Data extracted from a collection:
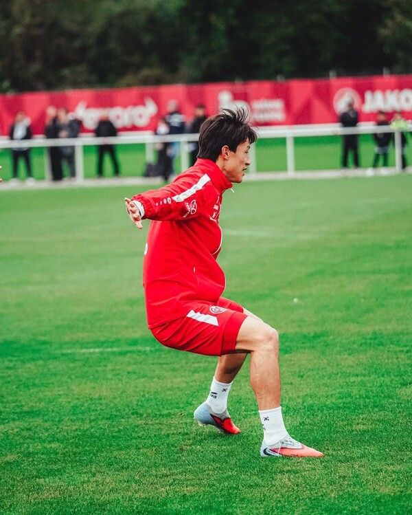 사진에서 이재성은 마인츠의 붉은색 훈련복과 태극기가 새겨진 흰색 양말을 신고 훈련에 임했다.
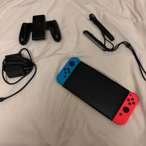 Nintendo Switch spillkonsoll med blå og rød Joy-Con kontroller. Inkluderer hovedenhet, to Joy-Con kontroller, og ladekabel. Bærbar spillkonsoll med berøringsskjerm og mulighet for tilkobling til TV. Passer for spillere i alle aldre.
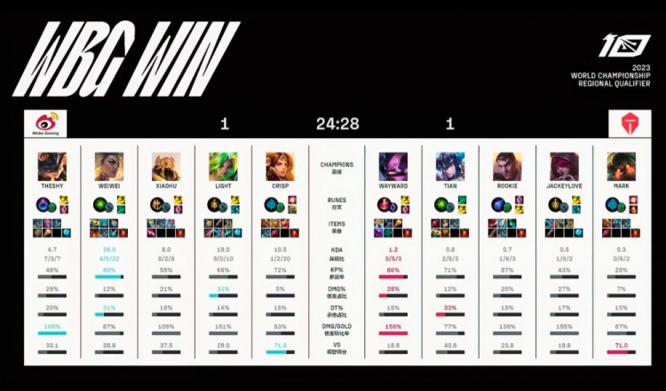 蓝色方WBG:TheShy兰博、weiwei芮尔、Xiaohu沙皇、Light泽丽、Crisp女坦
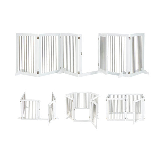 Freestanding 6-Panel Dog Gate with 4 Support Feet for Stairs-White
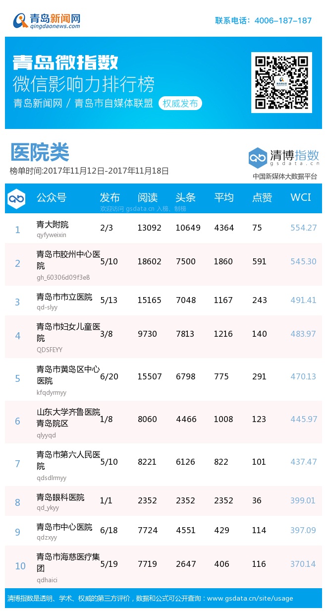 由青島新聞網(wǎng)聯(lián)合清博指數(shù)平臺(tái)聯(lián)手打造的“青島微指數(shù)微信影響力排行榜”,通過對(duì)各行業(yè)微信公眾號(hào)的日常監(jiān)測(cè),對(duì)所有賬號(hào)在統(tǒng)計(jì)周期內(nèi)所發(fā)布內(nèi)容的發(fā)文總數(shù)、總閱讀數(shù)、頭條閱讀數(shù)、平均閱讀數(shù)及總點(diǎn)贊數(shù)等海量數(shù)據(jù)進(jìn)行分析,幫助各行業(yè)新媒體小編更好地運(yùn)營(yíng)微信。
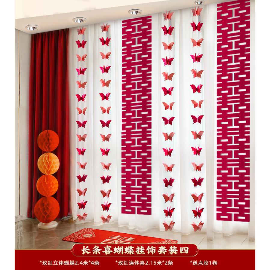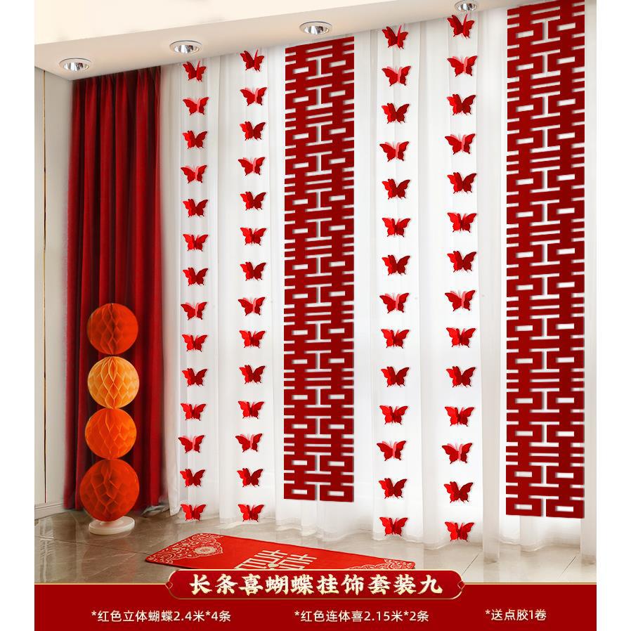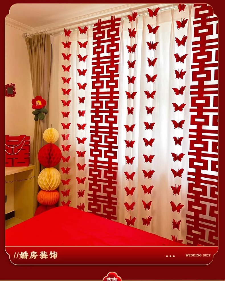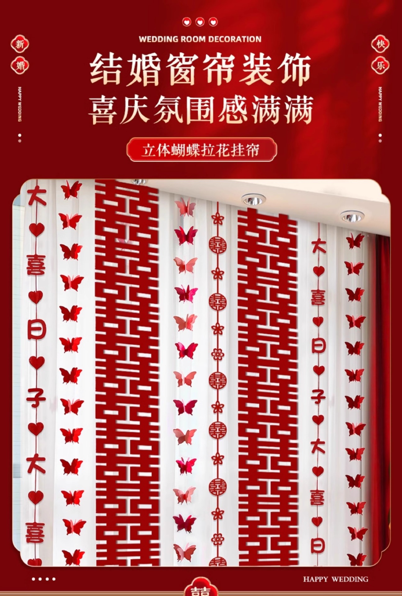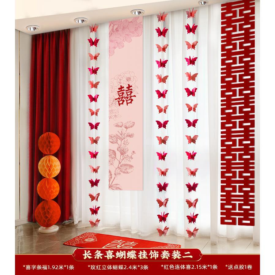 웨딩룸 레이아웃 세트, 커튼 장식, 웨딩 스트립, 입체 나비 꽃걸이, 새집 거실, 침실
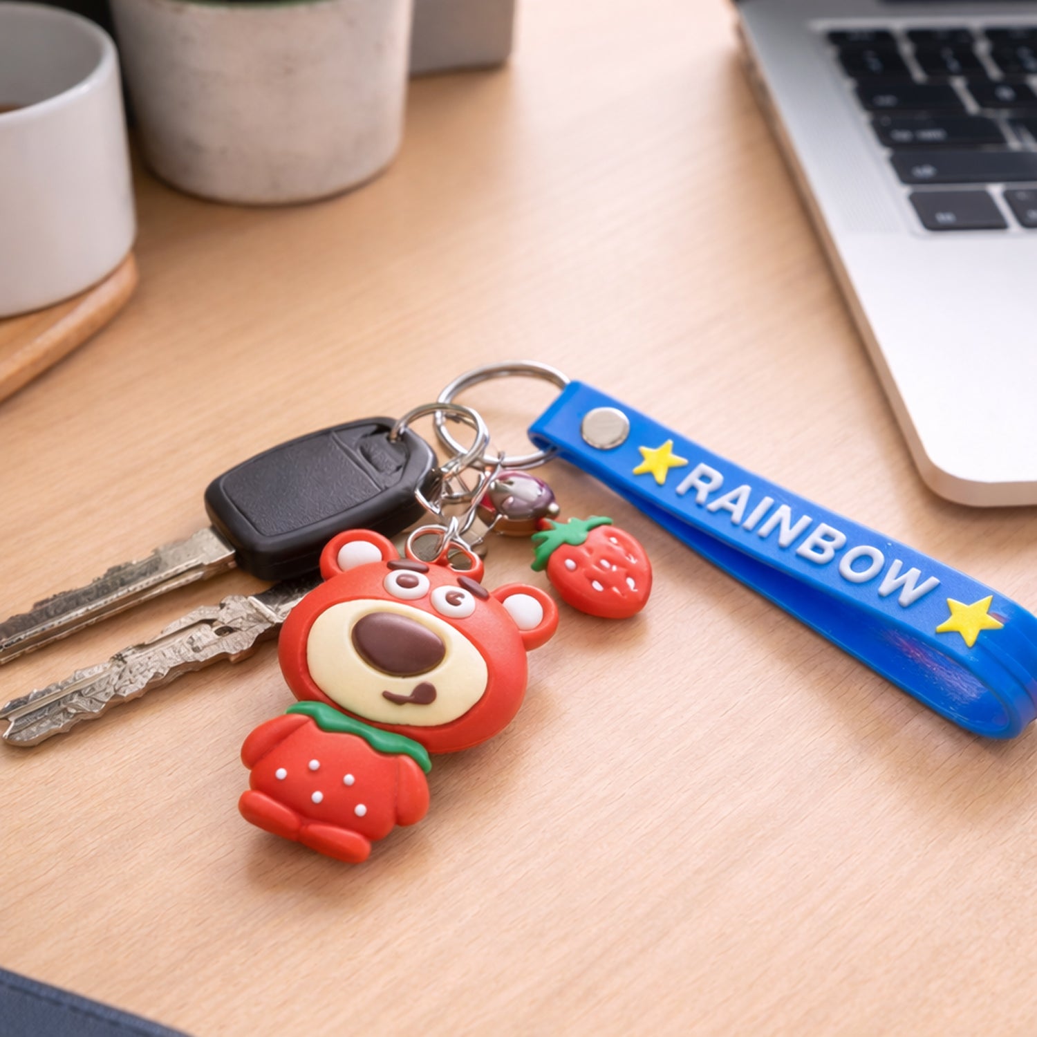 Add a touch of fun and color to your daily essentials with this adorable teddy bear keychain featuring a vibrant rainbow wrist strap and cute strawberry charm. Designed with a soft cartoon-style character, this key ring makes a charming accessory for school bags, handbags, pencil pouches and keys. The sturdy strap ensures a comfortable grip and easy carrying, while the secure key ring keeps your keys safely attached. Its playful design makes it a favorite among kids and teenagers. Perfect for gifting or personal use, this keychain adds personality to everyday items.
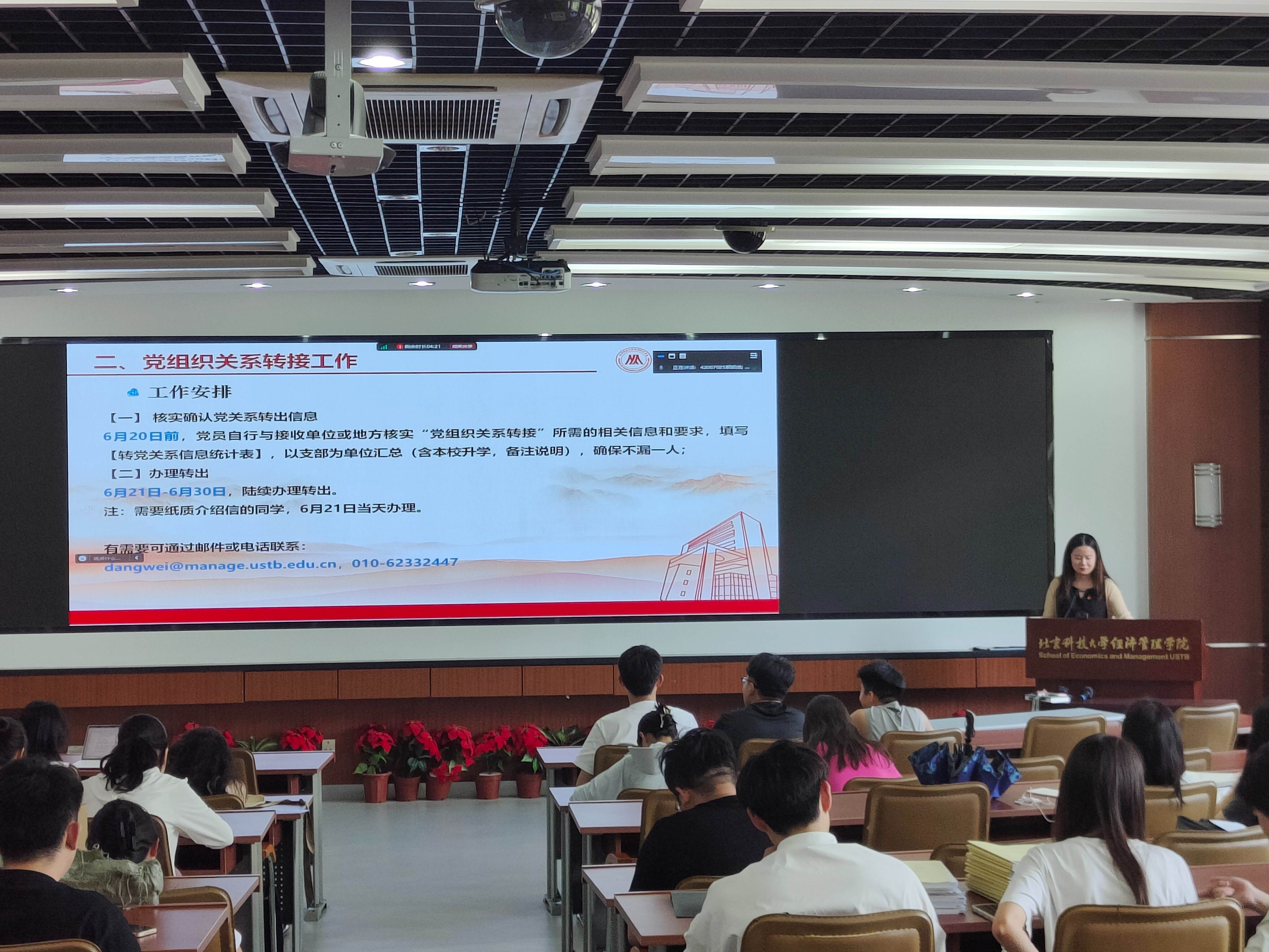 为顺利推进毕业生党组织关系转接,增强党员的政治觉悟和纪律意识,2024年6月12日下午15:30,老王探花 2024届毕业生党员纪律教育暨组织关系转接培训大会在经管楼313召开。本次大会由学院党委秘书张晓佳主讲,2024届全体毕业生党员参加。
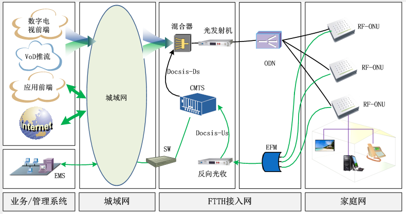 針對(duì)目前廣電FTTH網(wǎng)絡(luò)建設(shè),路通視信推出了RFoG+EFM(EdgeFreeMix)接入技術(shù)解決方案,融合國(guó)內(nèi)外應(yīng)用成熟RFoG技術(shù),實(shí)現(xiàn)基于 DOCSIS技術(shù)的FTTH接入。其中的EFM的含義是EdgeFreeMix(邊緣自由混合器),意在解決接近多個(gè)波長(zhǎng)光信號(hào)匯聚中的各種問題。使用光波控制技術(shù),將光纖分組接入后進(jìn)行二次激發(fā)達(dá)到有效避免OBI干擾的目的,同時(shí)還能解決回傳光中繼問題。
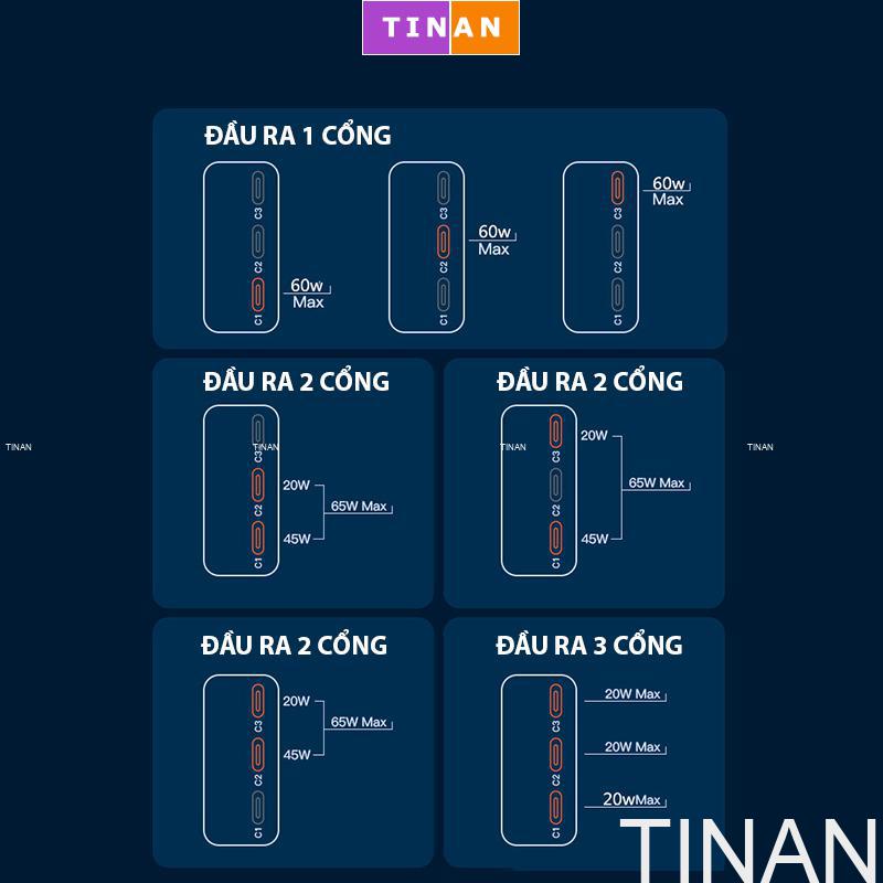 - C1 / C2 / C3 đầu ra: (5V3A / 9V3A / 12V3A/15V3A/20V3A) Đầu ra C1+C2: (C1/45W+C2/20W) Đầu ra C1+C3: (C1/45W+C3/20W) Đầu ra C2+C3: (C2/45W+C3/20W) Đầu ra C1+C2+C3: (C1/20W+C2/20W+C3/20W)
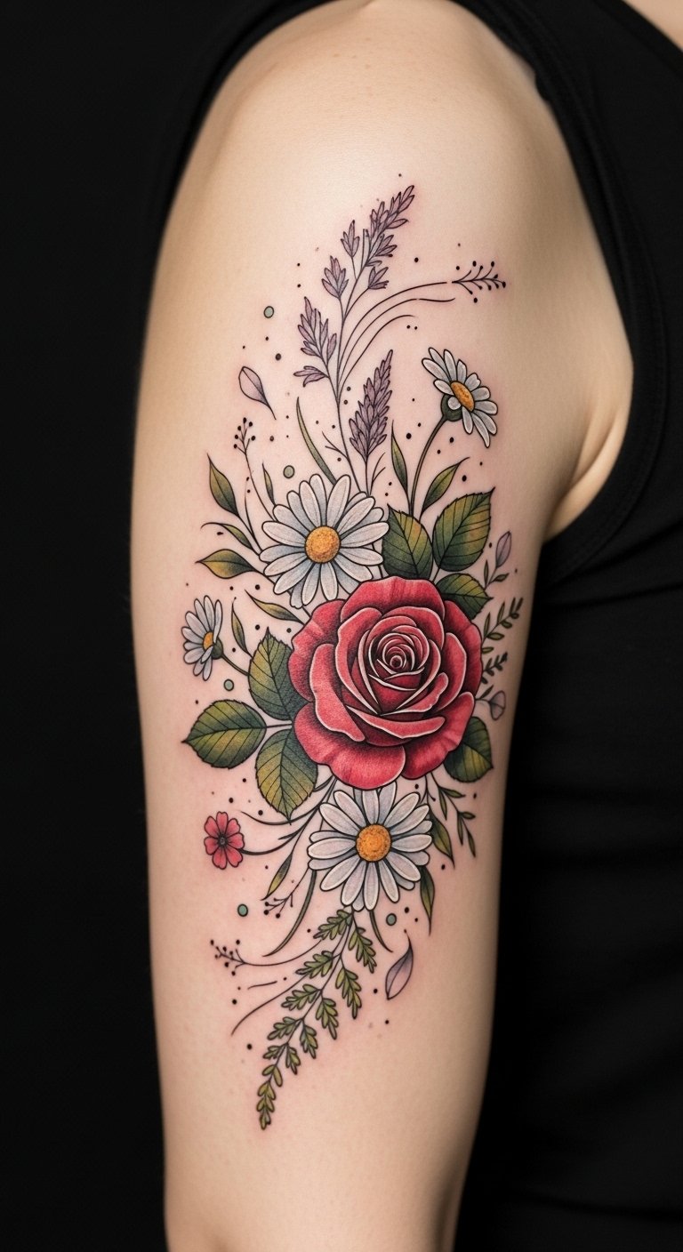 Each bloom carries profound flower symbolism, expressing emotions and personal stories—delicate wildflowers evoke freedom and serenity, the bold rose signifies passion and resilience, and the whimsical daisy suggests innocence and joy;
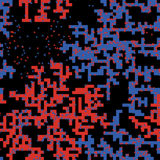 turtles-own [ life ] to setup ca crt population [ set color one-of [ red blue ] setxy random-xcor random-ycor ] ask patch 12 12 [ set pcolor blue ] ask patch -12 -12 [ set pcolor red ] reset-ticks end to go ask turtles with [ pcolor = black ] [ let my-color color ifelse any? neighbors4 with [ pcolor = my-color ] [ set pcolor my-color die ] [ set life life + 1 rt random 30 lt random 30 fd 0.5 ] ] tick end
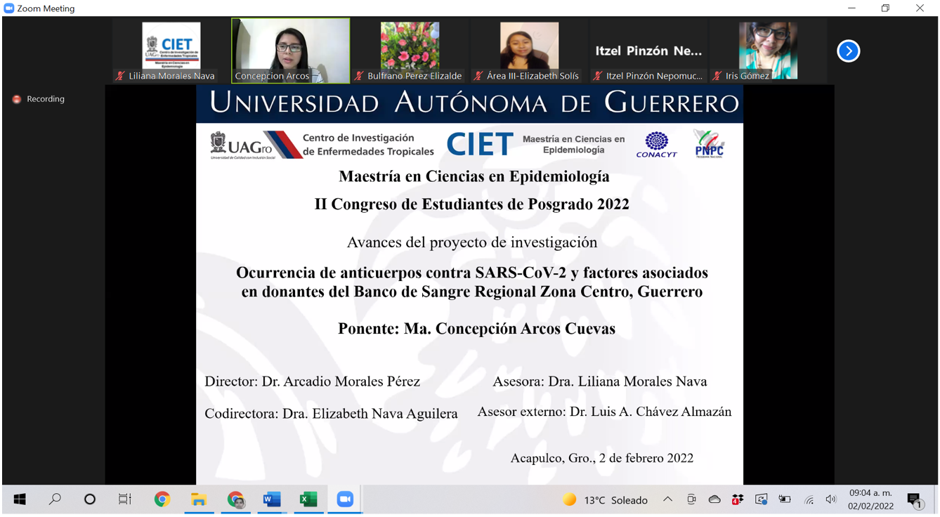 Participación de los estudiantes en el II Congreso de Estudiantes de Posgrado de la UAGro, del 1 al 4 de febrero del 2022
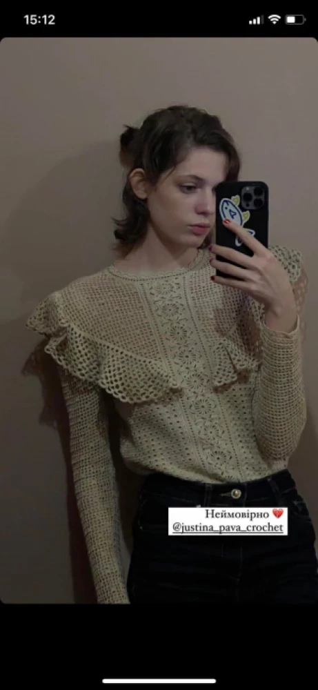 Історія така. Я сама написала їй. Слідкую за цією дівчиною в соцмережах і частенько бачу її у в’язаному одязі. Тому подумала, що, можливо, її б зацікавило щось і з мого «арсеналу». Наважилась, написала. Вона переглянула мою сторінку інстаграм @justina_pava_crochet. Їй сподобалась блузка Jane. Надіслала свої мірки. Я зв’язала, відправила. До блузочки поклала ще в подарунок рукавички.
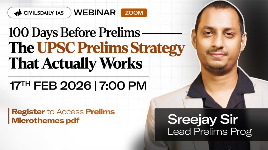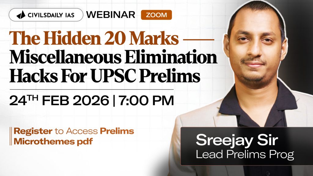 ![🔴[UPSC Webinar for 2026] By Sreejay Sir, lead Prelims Prog, Civilsdaily IAS | The Hidden 20 Marks: Miscellaneous Elimination Hacks for UPSC Prelims | Join on 24th Feb at 7PM](https://d18x2uyjeekruj.cloudfront.net/wp-content/uploads/2026/02/sreejaythumb4.jpg-1-1568x882.jpeg)
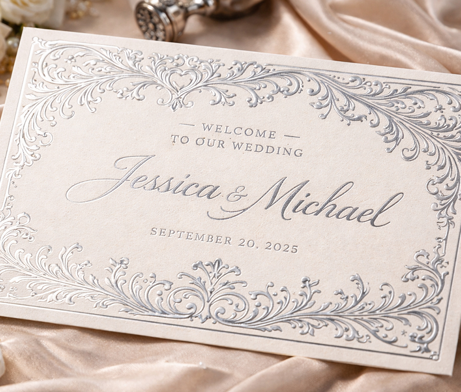 燙金不只能使用金色作為呈現,也能因紙顏色而達到不一樣的效果,不僅能作品質感大大提升,可以使印刷品表面金屬質感,

> INSTRUCTIONS FOR THE TASK:
Give again, word for word, the lines above from the first one through the one containing "웨딩룸 레이아웃 세트, 커튼"; no pictures.

> FINISHED TASK:
 사진에서 이재성은 마인츠의 붉은색 훈련복과 태극기가 새겨진 흰색 양말을 신고 훈련에 임했다.
 Nintendo Switch spillkonsoll med blå og rød Joy-Con kontroller. Inkluderer hovedenhet, to Joy-Con kontroller, og ladekabel. Bærbar spillkonsoll med berøringsskjerm og mulighet for tilkobling til TV. Passer for spillere i alle aldre.
 蓝色方WBG:TheShy兰博、weiwei芮尔、Xiaohu沙皇、Light泽丽、Crisp女坦
 Freestanding 6-Panel Dog Gate with 4 Support Feet for Stairs-White
 由青島新聞網(wǎng)聯(lián)合清博指數(shù)平臺(tái)聯(lián)手打造的“青島微指數(shù)微信影響力排行榜”,通過對(duì)各行業(yè)微信公眾號(hào)的日常監(jiān)測(cè),對(duì)所有賬號(hào)在統(tǒng)計(jì)周期內(nèi)所發(fā)布內(nèi)容的發(fā)文總數(shù)、總閱讀數(shù)、頭條閱讀數(shù)、平均閱讀數(shù)及總點(diǎn)贊數(shù)等海量數(shù)據(jù)進(jìn)行分析,幫助各行業(yè)新媒體小編更好地運(yùn)營(yíng)微信。
 웨딩룸 레이아웃 세트, 커튼 장식, 웨딩 스트립, 입체 나비 꽃걸이, 새집 거실, 침실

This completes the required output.